If anything, the wave of corporate accounting scandals that dominated the business headlines all spring might have been expected to give even more fuel to the forces of reform. On June 23, Treasury Secretary Paul O’Neill declared that he and the Bush administration were “outraged” at the current rash of corporate malfeasance.
But little has actually changed, and the backgrounds of the new nominees to the CFTC — along with Congress’ rejection, earlier this spring, of a bill aiming to give the CFTC more responsibility for regulating energy traders — put the lie to O’Neill’s rhetoric. More than six months after Enron declared bankruptcy, the regulatory landscape is largely the same as it was before Enron’s problems became public. In fact, says Michael Greenberger, a law professor at the University of Maryland and the former director of trading and markets at the CFTC, “It’s not changed at all.”
“The mantra for not regulating is that these are isolated events,” says Greenberger. “But when you look across the spectrum, how can it be an isolated event with Enron, with Tyco, Arthur Andersen, Global Crossing, Adelphia, ImClone and all the others? What’s needed is a very dramatic reversal, almost to the kind Bush made with the Office of Homeland Security. And except for an accounting measure getting out of the Senate banking committee [which would create an independent board to oversee the industry], everything strong has failed.”

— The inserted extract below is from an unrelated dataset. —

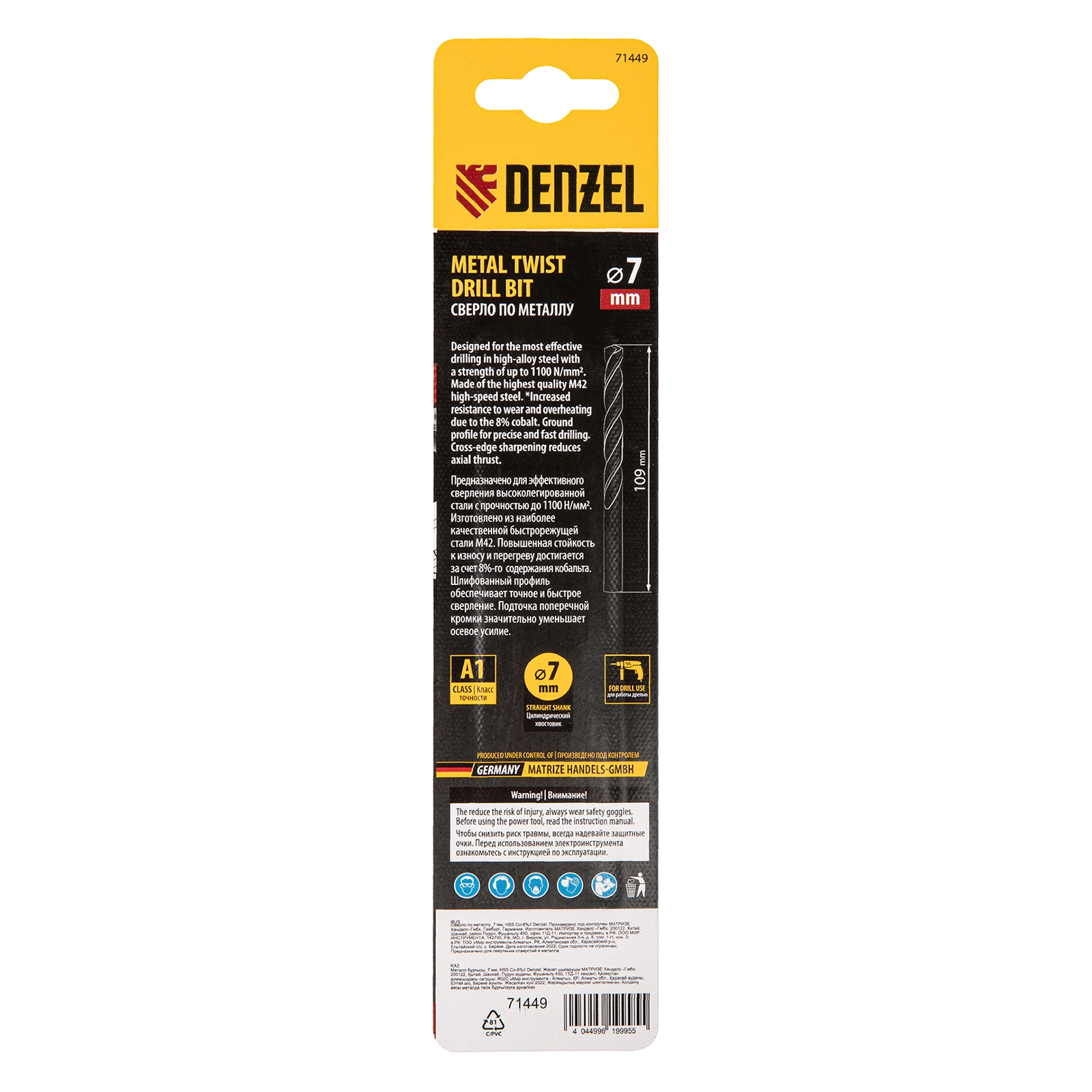 Кобальтовое сверло по металлу Denzel 71449 позволяет получать отверстия высокой точности в нержавеющей стали, цветных металлах, легированных и нелегированных сталях с прочностью до 1100 Н/мм2 и жестком пластике.

Enron proved, among other things, that lobbying and large donations are an excellent way to rewrite the corporate rulebook. The list of the company’s political victories is long and diverse. Electricity deregulation, the power to essentially veto appointments at the Federal Energy Regulatory Commission, passage of a law that exempted EnronOnline from all oversight — these are just a few of the perks that Enron claimed on its way up the Fortune 500 ladder.
But perhaps no single instance demonstrates Enron’s success better than its influence over the CFTC. The commission could have and should have been Enron’s key regulator. The CFTC is the agency most closely aligned what turned out to be one of Enron’s primary profit centers: derivatives trading.
The term “derivatives” is used to describe a class of financial contracts that are derived from another asset and priced according to that asset’s value. Also known as a form of “risk management,” over the past 20 years derivatives trading has become increasingly popular on Wall Street as a way to “hedge” risk, to protect yourself from an investment bet that goes sour or from swings in interest rates or currency prices. Enron, although once primarily a trader in actual physical commodities such as gas and electricity, rapidly developed in the late ’90s into a serious trader of derivatives based on a vast array of commodities.
The question of how to regulate derivatives has been at the heart of a vigorous, if abstruse, debate for the past 20 years between Wall Street and Washington. Enron has been in the middle of the battle, and until its demise, won every skirmish.
The first victory came in 1993. At that time, Enron’s primary business was selling actual energy but the Houston company wanted to get involved in selling energy derivatives. But rather than put up with the oversight requirements of the CFTC, Enron lobbied for an exemption — the right to trade energy derivatives without being subject to CFTC jurisdiction.
Wendy Gramm, chairwoman of the CFTC from February 1988 to January 1993, agreed. She shepherded the exemption through, and in April of 1993 — after Gramm quit the CFTC and took a seat on Enron’s board of directors — the CFTC approved the policy Enron favored.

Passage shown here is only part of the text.